Rights and Duties, Duties and Rights
Are rights a coherent concept in modern America? How are we to understand this idea of rights, which are considered sacred in our country?
When we say someone has a right- like, a right to bear arms, are we saying that these rights are natural, or God-given? In what sense can this be true? Does nature (or nature’s God) naturally form a rifle by some sort of combination of minerals and deposit it into a man’s hands? Does some invisible force stop soldiers from entering your house? Do bolts of lightning prevent police from pilfering through your belongings without a warrant? No?
Rights are not creatures of the physical laws of the universe. Instead, we must recognize them for what they are- social constructs, socially negotiated. And, like most things in our society, the discussion around rights has become extremely imbalanced, shallow, and incurious.
As rights are not a force of physics or chemistry, they must be something else. We might say that rights are ‘social constructs’, but that in no way denigrates the value of rights, or their importance in a political system. It simply means that rights, like every other social institution, is a part of society, a part of the State, and as such, must have a teleology, and a function in the working of that State.
A good exercise for the reader is to imagine why a right has been enshrined in our legal system, then work backwards to discover the social purpose of establishing such a right. The right to bear arms was established because militia duty was expected of the colonists, and a reserve army of citizens was both cheaper and less dangerous to the government than a large standing army in the Prussian model. The right to be free in one’s religious practices existed because European states had torn themselves apart in wars of religion, and it was expected that American society would be full of zealous believers that could not be corralled into a state church. Essentially, freedom of religion was a peace treaty.
The right to speedy and public trials existed because juries were expected to fairly (and quickly) decide disputes in their communities, being the closest and most affected population of any civil wrong or crime, and because England’s star chambers and bills of attainder (and “constructive treason”) had become so infamous.
Do Americans currently serve in a militia? How many people concoct excuses to avoid jury duty? Does confessional politics still threaten the state, or do we now live in a secular society where religion itself is besieged?

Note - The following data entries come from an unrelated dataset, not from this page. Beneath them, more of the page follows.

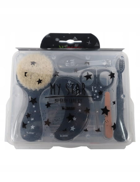 MINENE Zestaw Pielęgnacyjny 6w1 Czarny Czarny zestaw pielęgnacyjny 6w1 Minene zawiera wszystkie niezbędne narzędzia do pielęgnacji niemowląt, takie jak szczotka, grzebień, nożyczki, pilniczek, termometr i obcinacz do paznokci. Elegancki i praktyczny zestaw dla nowych rodziców.
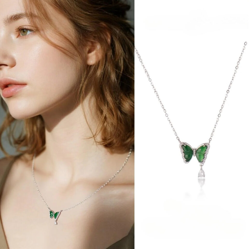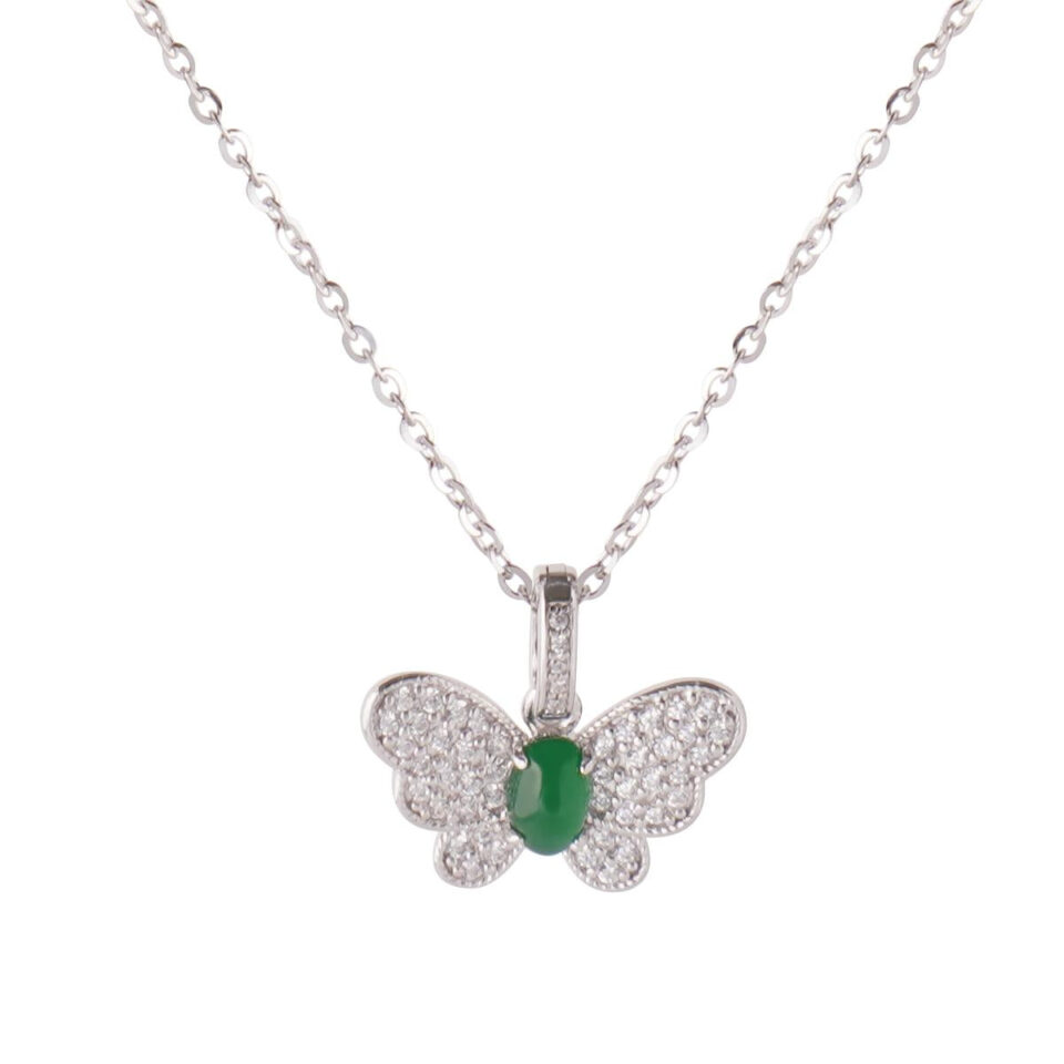 【Pendant Necklace】Butterfly-shape Jadeite Pendant with Silver-made Chain Necklace, Shining Zircon, Elegant Jadeite Jewelry Pendant Necklace for Women
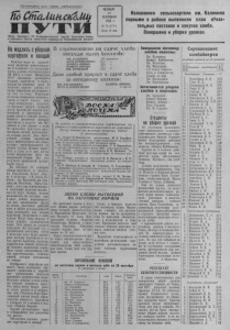 Пролетарии всех стран, соединяйтесь; ШСталинскими П У Т И Орган Северного ?К Коммунистической партии Советского Союза и районного Совета депутатов трудящихся Новосибирской области ЧЕТВЕРГ 22 СЕНТЯБРЯ 1955 г . № 7(5 (1779) Цена 10 коп. Колхозники сельхозартели им. Калинина первыми в районе выполнили план обязательных поставок и закупок хлеба. Завершена и уборка урожая. Не медлить суброной картофеля и овощйе ш ва ем Н п у ам п р о е а ч д з н а в я я и т т и м и ю ю еры е ж г и о п в о п от р н о д д о а в у л к о ь т д н и с е т в й ности, в своих постановлениях ЦК КПСС и Совет Министров СССР обязывают расширять п пл ос од ад ов ку на ка к р о т р о м ф о ел в я ые и цел к и о . рне В с с к я а о д л к х г а о о з д а к х арт о н т о а ф ш г е е о л г я д о а у . ве р л Н а и й е ч о к и н о в т а а о е р п т ы о е к ст о в л о х м оз , ы и за т н а и ко м й аютс к я ол о х в о о з щ , ево к д а к «Заря коммунизма» получает от продажи овощей большой н д е о п х л о о д д , о п в рои и звод к и а т рт з о а ф па е с л ы я ко д р л я корма скоту в зимний период. Намного увеличили посадку к ли ар н т и о н ф а ел и я у в же ко у л б х р о а з н е о и с м. п К ол а я н р 5 ся е и 0 й з ш о к п в о е р а й н о н ц н ы ы ен е т з о в п в е л . н у ь г Д я и л , . я ис э Д п т л о о я г л о ьз о б у р ыю г с т а т уборки картофеля здесь мобилизуются все силы, которые высвобождаются от ф уб е о л р ь ки и х д л а е ж б е ов. в К т о е па д л н и и, к к а о р г т д о а особое напряжение было на завершении уборки. Всё это з р а е ц з Н и у а л и ьт т а п р т л у о д щ п а р . а а д в и иль 1 но 5 й о ге р к г т а а н р и о в убрана картофель в колхозе в л л к и е у и и м т н н . о а в а в В , » и » о , к м , р о х . о л о и ш М т х м я о и о . з л л К е а о о щ р х т в у е о а п . в « т с а 7 е к В , - м й о е н й « д П , у ы с т ъ у и н т е м и ь з з . д у к С С б и т т о С е а а р о . А остальные колхозы медлят, чего-то ждут. Осенью нельзя располагать на погожие дни и надо сейчас пересмотреть ещё раз организацию труда на полях, уплотнить рабочий день и найти резервы рабочей силы специально для уборки картофеля. Затягивать с этим нельзя. Могут бытьморозы и тогда клубни подвергнутся порче. Чего никак не следует допускать. На будущий год с увеличением поголовья скота в р се я в т к ь о д л п р х у о о г с з и а а д х х к к у н о а р д к м о а о р в т б ы о уд ф х е е т л к я у р л а и ь с т ш у п р и о , к м о о рн б е о п л л ь о ш д о о е в. к З о н л а и ч ч и е т ст н во еоб се х м од я и н . Н ча а с до жи т в а о к т ж н е ов о о б д е с с т п в е о ч , ив о а с т о ь бе с н е н й о свиней, которые поставлены на откорм. Неубранного картофеля ещё н м зы ы н в о е а г е о т . о Т р п а г р к а а о н в е и л з е а п н ц о и л и я о и ж п ени к е п о а л р х т о о и з б о й я в принимать практические меры. Б н о ы ль о ш к у а ю зат п ь омо у щ ч ь ащ в и э е т с о я м д ш ол ко ж л . Р т н у ы яд е по ш д с н к л и о е . л У у в ч р е а о д щ к у о и т в ес т я и ак В в у е ю р в х о -К с р к р а р а б е с о с - т н е о л я ь р с с т к в о о й в шы к к о о л п ы ать взял ка и рт о о б ф я е з л а ь х с оз п Х е л о о р щ « о П ш а а д о м и я о т 1 р ь 0 га К г н и е и к р з т о о а в в р а а о » т в . ь в к тр о у л д п в ближайшие дни закончить эту работу. ние Об к е а с р п т е о ч ф и е т л ь я х и оро о ш во е щ е ей х . ранеВ соревновании на сдаче хлеба впереди идут колхозЫ: ИМ. КАЛИНИНА ЗАРЯ КОММУНИЗМА ПАМЯТЬ ЛЕНИНА ПАМЯТЬ КИРОВА ИМ. КРУПСКОЙ 100 процентов 9 7 7 1 0 9 . . . 1 1 5 67.5 Дали слабый прирост в сдаче хлеба за пятидневку колхозы: ИМ.КАГАНОВИЧА ПАМЯТЬ ЛЕНИНА ПУТЬ К КОММУНИЗМУ И другие. За успе
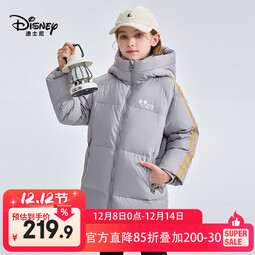 迪士尼(Disney)Disney/迪士尼女童羽绒服2025冬季新款儿童中长款面包服连帽外套 灰色 【高绒防风保暖90白鸭绒】 均码 110cm 充绒量约89g

At their best, rights are an organic expression of a State’s relationship with its citizens, a kind of photographic negative of the duties and behavior expected from citizens. Being organic, these conditions will of course change over time- but our sclerotic worship of the constitution admits very little change, even as the facts on the ground have shifted dramatically in the past 250 years.
One also cannot blame the Founders for failing to enunciate the duties that they expected from citizens bearing such rights; they lived in a time and place where such things were so obvious, they thought they need not be even mentioned. Like a fish swimming in water they take for granted, the Founders were swimming in a very strong cultural current of militiamen and religious people, and simply could not imagine how these rights might be decontextualized by future generations.
Let us understand what these alleged rights, stripped of their context of a corresponding duty, have done. News and media companies are largely protected by the First Amendment, even when they report in the most scandalous and inflammatory manner. The First Amendment also protects pornography, and the unlimited donation of cash to political action groups. The right to privacy- never explicitly granted in the Constitution- has been held to protect infanticide. The 14th amendment, with its protection of “privileges and immunities” and “equal protection” has been held to ban states from prohibiting homosexual marriage, despite being an amendment explicitly passed to protect newly freed slaves from disenfranchisement. The increasingly expansive interpretation of the 2nd Amendment has meant that firearm regulation has become increasingly impossible.
Facts without context are meaningless, and words are the same. Without the context of the yeoman culture from which these rights emerged, they become simply words on a page, words without context that can be endlessly manipulated, stretched, interpreted, and otherwise abused. Instead of an honest appraisal of the protections and duties a citizen of a modern state ought to have, our legal system instead plays language games with ancient sentences.
This is an abuse of reality. Society creates rights, and extends duties. Our current dispensation ignores the social negotiation that is required, and instead defers such questions to judges and lawyers.
A right, stripped of its social context and connection to a duty, becomes a pernicious force, a kind of blank check or legal trick. What we propose to do is once again reopen the social negotiation, and connect a right to a duty. Both must work in harmony to be organically healthy.
Your right to free speech ought to come with a duty- the duty of honesty and integrity. Your right to own weapons ought to come with a duty- to serve the State in an armed capacity. Every right comes with a duty- and if one neglects their duty, in what sense can we say they deserve a right?
Drawing breath is not enough. Each right must be contingent on some criteria- a positive end that the State expects will result from this particular right. When that is abused- and becomes actively malicious, it is the duty of a society to step in. No one has a God-given right to injure society while hiding behind legalisms, and a real State would recognize this.